The Jiger was the first all-terrain vehicle (ATV). It was a six-wheeled amphibious ATV with differential steering via separate throttle control of its dual (left vs right) engines. The first Jigers were built-to-order beginning in 1961 by JGR Gunsport in Toronto and were mass-produced by Jiger Corporation beginning in 1965. Production of the Jiger ended in 1968 due to the financial weakness of the company, despite strong demand.  Around 3337 Jigers were built.

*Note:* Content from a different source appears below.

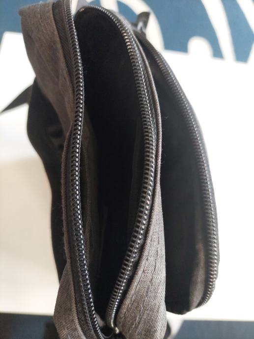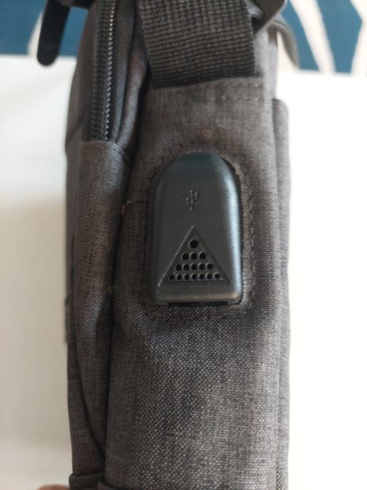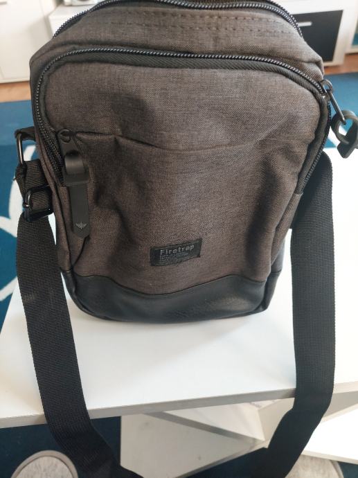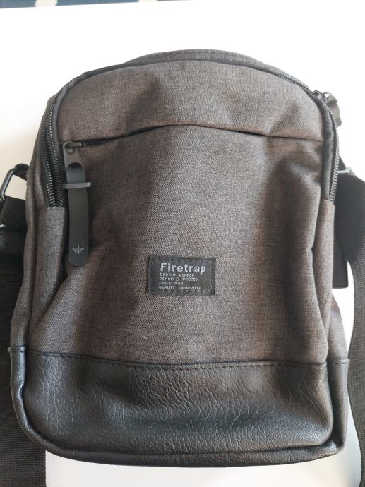 Prekoramna torbica Firetrap sivo melange barve, spodaj umetno usnje. Na strani izhod za polnilni kabel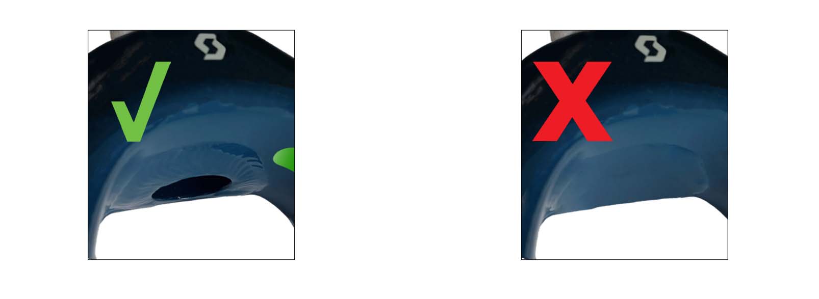Wenn unter der Gabelbrücke ein grüner Punkt zu sehen ist und/oder ein Loch beim Übergang zum Steuerrohr vorhanden ist, ist das Velo laut Scott nicht betroffen. (Foto: ZVG)

The twin two-cycle "Techumseh Power Products" engines were replaced by a single four-cycle "JLO" engine. The dual engine system presented several problems. The first was keeping two engines timed at the same rpm on straight-line travel, which often required course correction. Secondly, maintaining two engines. Two-cycle engines tend to foul plugs, which had to be replaced often. A dual clutch/brake system was used to tie the two sides to the single power source.
The changes greatly improved product operation and dependability.

The Jiger was the brainchild of Jack (Jacob) Rempel (a.k.a. John Gower), the founder of JGR Gunsport, and Swiss engineer Fred Rohrer.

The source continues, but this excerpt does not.